-- WORK INSTRUCTION --
Please transcribe all of the entries exactly, leaving out any images.

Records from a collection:
┌──

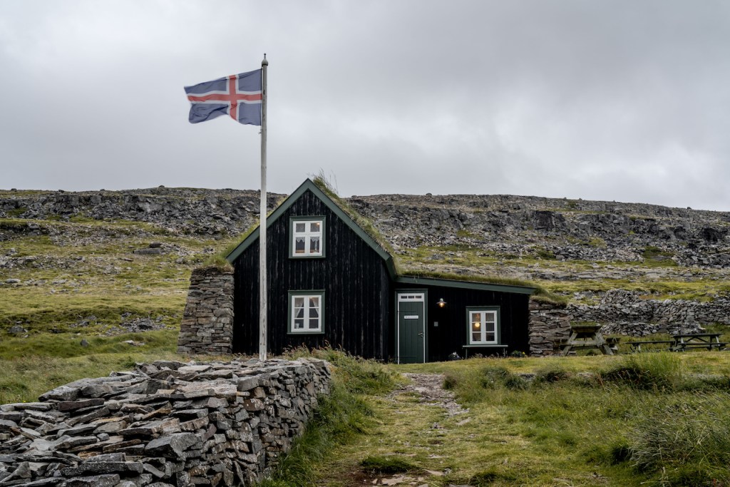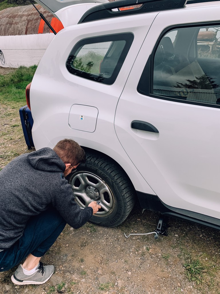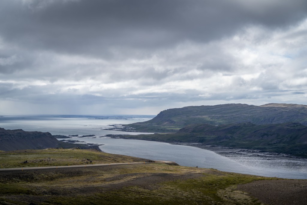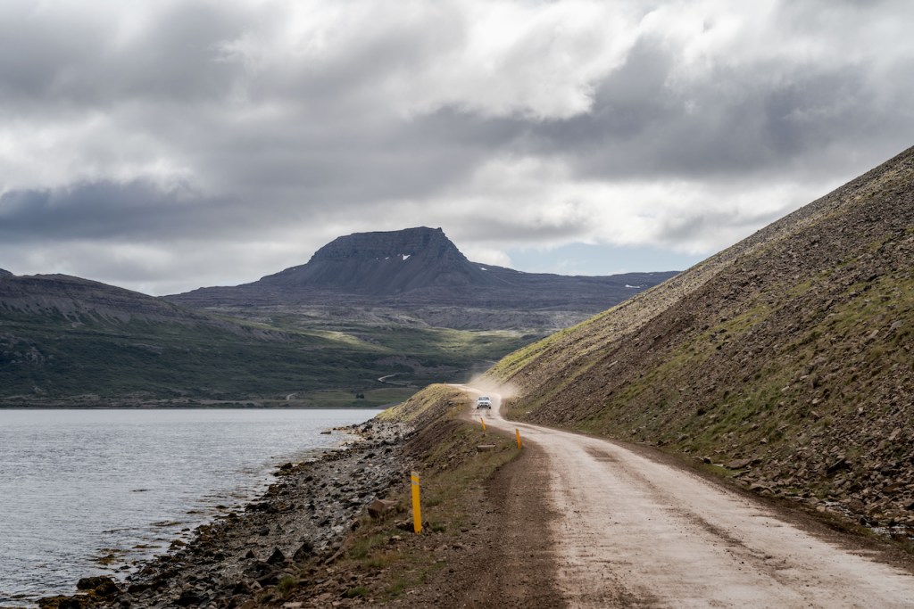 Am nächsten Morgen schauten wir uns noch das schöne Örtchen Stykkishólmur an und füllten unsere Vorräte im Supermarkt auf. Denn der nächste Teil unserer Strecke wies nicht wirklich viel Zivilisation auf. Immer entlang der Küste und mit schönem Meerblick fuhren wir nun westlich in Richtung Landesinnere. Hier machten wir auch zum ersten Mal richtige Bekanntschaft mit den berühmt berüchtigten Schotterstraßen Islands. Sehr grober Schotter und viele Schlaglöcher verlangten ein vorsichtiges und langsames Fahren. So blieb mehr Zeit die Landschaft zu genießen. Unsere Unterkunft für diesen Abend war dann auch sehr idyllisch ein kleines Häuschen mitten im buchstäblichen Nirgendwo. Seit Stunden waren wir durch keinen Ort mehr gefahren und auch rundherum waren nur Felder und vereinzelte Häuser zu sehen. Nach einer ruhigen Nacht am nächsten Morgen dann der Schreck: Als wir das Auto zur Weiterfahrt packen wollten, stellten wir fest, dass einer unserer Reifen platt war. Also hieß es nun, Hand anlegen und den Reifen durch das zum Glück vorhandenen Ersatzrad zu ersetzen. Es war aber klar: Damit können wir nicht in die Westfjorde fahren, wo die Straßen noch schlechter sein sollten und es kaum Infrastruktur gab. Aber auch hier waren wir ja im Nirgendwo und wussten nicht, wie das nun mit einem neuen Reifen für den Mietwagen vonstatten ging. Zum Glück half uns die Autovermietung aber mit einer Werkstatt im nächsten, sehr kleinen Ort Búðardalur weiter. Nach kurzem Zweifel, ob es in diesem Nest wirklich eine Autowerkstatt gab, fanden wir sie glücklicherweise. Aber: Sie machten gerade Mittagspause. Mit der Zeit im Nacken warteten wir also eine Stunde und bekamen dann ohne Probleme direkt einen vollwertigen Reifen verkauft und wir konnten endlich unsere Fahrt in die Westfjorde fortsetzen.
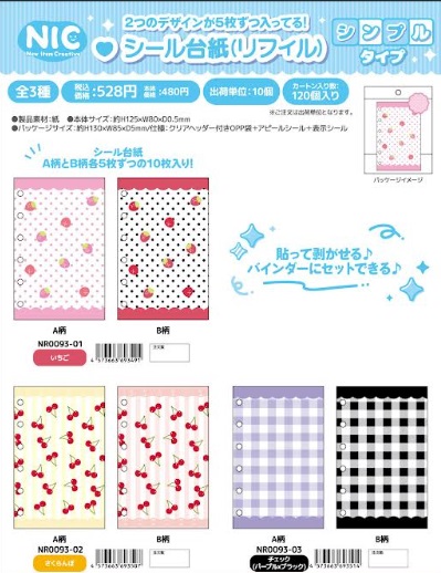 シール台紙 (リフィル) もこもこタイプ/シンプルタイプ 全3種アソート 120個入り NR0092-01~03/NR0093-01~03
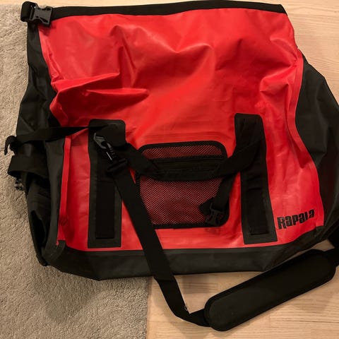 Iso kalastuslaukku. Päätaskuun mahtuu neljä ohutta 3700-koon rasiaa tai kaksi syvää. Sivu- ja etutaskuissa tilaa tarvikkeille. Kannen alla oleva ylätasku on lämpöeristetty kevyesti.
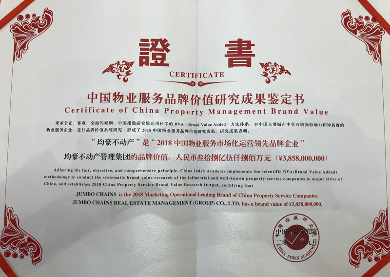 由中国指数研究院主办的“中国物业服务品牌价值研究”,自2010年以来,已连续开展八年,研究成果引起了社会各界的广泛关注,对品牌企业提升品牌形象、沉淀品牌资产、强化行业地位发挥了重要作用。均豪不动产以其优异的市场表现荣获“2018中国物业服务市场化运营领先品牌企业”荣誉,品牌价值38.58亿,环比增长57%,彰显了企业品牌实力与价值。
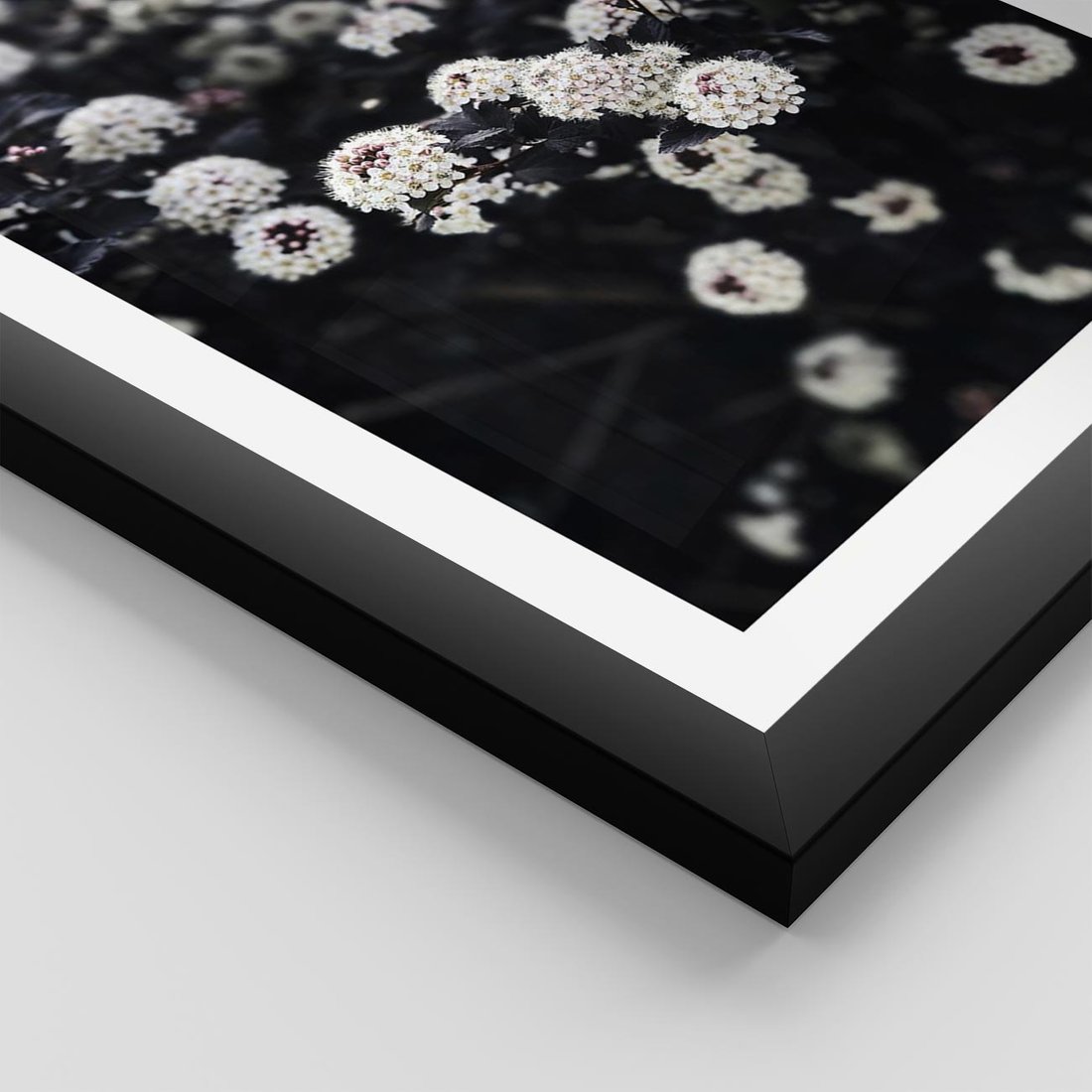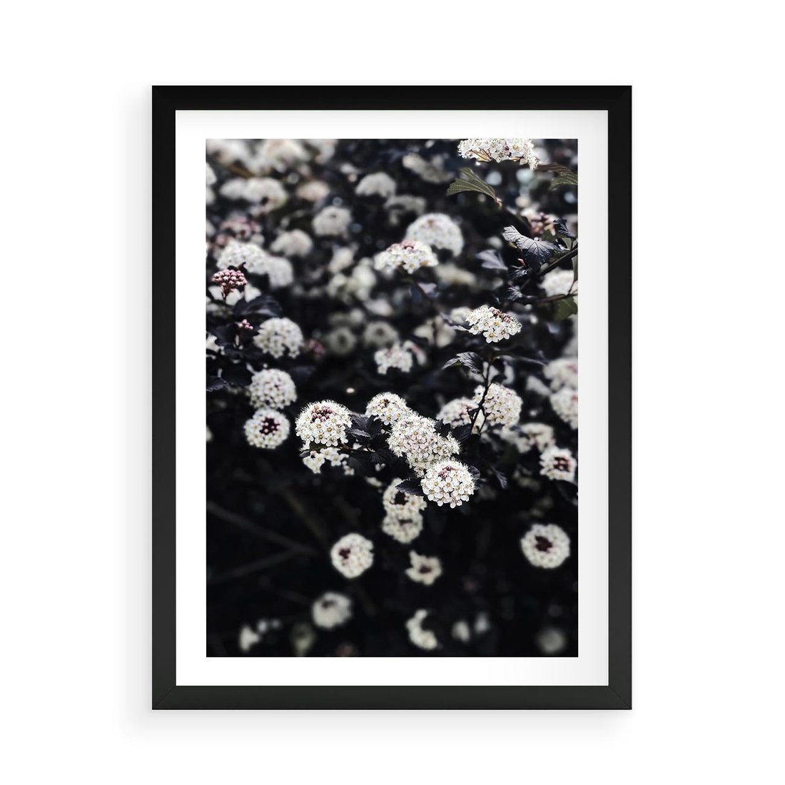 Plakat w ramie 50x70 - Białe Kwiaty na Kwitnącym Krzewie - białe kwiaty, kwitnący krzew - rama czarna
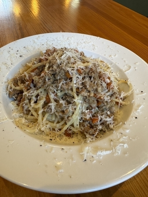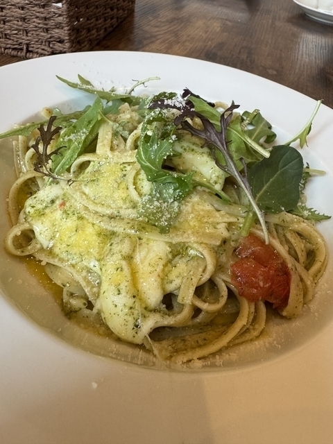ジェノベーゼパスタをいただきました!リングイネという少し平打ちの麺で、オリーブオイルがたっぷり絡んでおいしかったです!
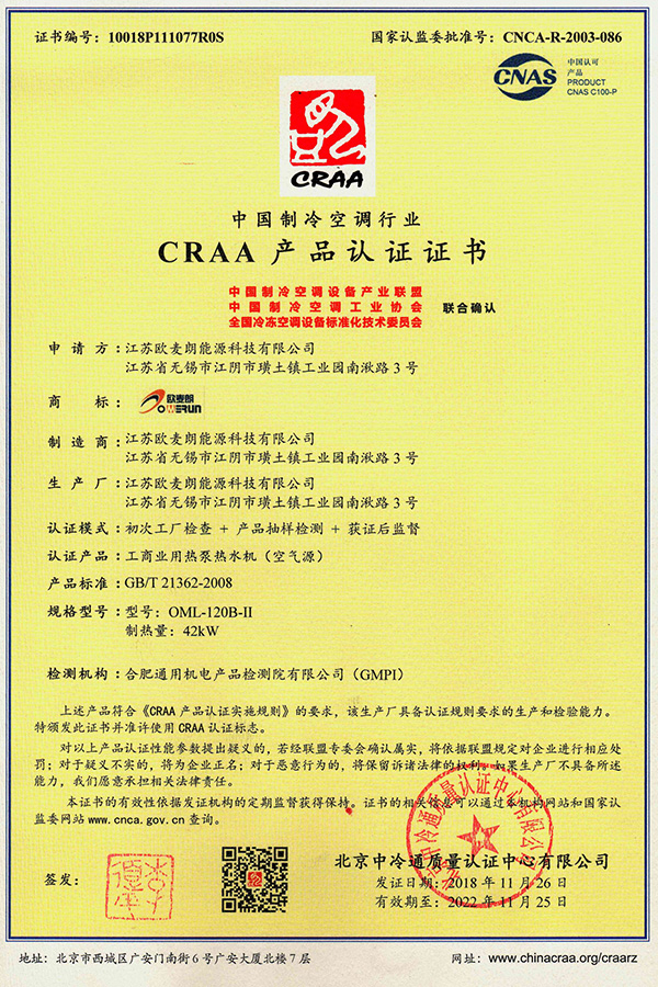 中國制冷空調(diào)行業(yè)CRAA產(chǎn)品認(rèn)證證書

└──

-- ANSWER TO THE PROBLEM --
 Am nächsten Morgen schauten wir uns noch das schöne Örtchen Stykkishólmur an und füllten unsere Vorräte im Supermarkt auf. Denn der nächste Teil unserer Strecke wies nicht wirklich viel Zivilisation auf. Immer entlang der Küste und mit schönem Meerblick fuhren wir nun westlich in Richtung Landesinnere. Hier machten wir auch zum ersten Mal richtige Bekanntschaft mit den berühmt berüchtigten Schotterstraßen Islands. Sehr grober Schotter und viele Schlaglöcher verlangten ein vorsichtiges und langsames Fahren. So blieb mehr Zeit die Landschaft zu genießen. Unsere Unterkunft für diesen Abend war dann auch sehr idyllisch ein kleines Häuschen mitten im buchstäblichen Nirgendwo. Seit Stunden waren wir durch keinen Ort mehr gefahren und auch rundherum waren nur Felder und vereinzelte Häuser zu sehen. Nach einer ruhigen Nacht am nächsten Morgen dann der Schreck: Als wir das Auto zur Weiterfahrt packen wollten, stellten wir fest, dass einer unserer Reifen platt war. Also hieß es nun, Hand anlegen und den Reifen durch das zum Glück vorhandenen Ersatzrad zu ersetzen. Es war aber klar: Damit können wir nicht in die Westfjorde fahren, wo die Straßen noch schlechter sein sollten und es kaum Infrastruktur gab. Aber auch hier waren wir ja im Nirgendwo und wussten nicht, wie das nun mit einem neuen Reifen für den Mietwagen vonstatten ging. Zum Glück half uns die Autovermietung aber mit einer Werkstatt im nächsten, sehr kleinen Ort Búðardalur weiter. Nach kurzem Zweifel, ob es in diesem Nest wirklich eine Autowerkstatt gab, fanden wir sie glücklicherweise. Aber: Sie machten gerade Mittagspause. Mit der Zeit im Nacken warteten wir also eine Stunde und bekamen dann ohne Probleme direkt einen vollwertigen Reifen verkauft und wir konnten endlich unsere Fahrt in die Westfjorde fortsetzen.
 シール台紙 (リフィル) もこもこタイプ/シンプルタイプ 全3種アソート 120個入り NR0092-01~03/NR0093-01~03
 Iso kalastuslaukku. Päätaskuun mahtuu neljä ohutta 3700-koon rasiaa tai kaksi syvää. Sivu- ja etutaskuissa tilaa tarvikkeille. Kannen alla oleva ylätasku on lämpöeristetty kevyesti.
 由中国指数研究院主办的“中国物业服务品牌价值研究”,自2010年以来,已连续开展八年,研究成果引起了社会各界的广泛关注,对品牌企业提升品牌形象、沉淀品牌资产、强化行业地位发挥了重要作用。均豪不动产以其优异的市场表现荣获“2018中国物业服务市场化运营领先品牌企业”荣誉,品牌价值38.58亿,环比增长57%,彰显了企业品牌实力与价值。
 Plakat w ramie 50x70 - Białe Kwiaty na Kwitnącym Krzewie - białe kwiaty, kwitnący krzew - rama czarna
ジェノベーゼパスタをいただきました!リングイネという少し平打ちの麺で、オリーブオイルがたっぷり絡んでおいしかったです!
 中國制冷空調(diào)行業(yè)CRAA產(chǎn)品認(rèn)證證書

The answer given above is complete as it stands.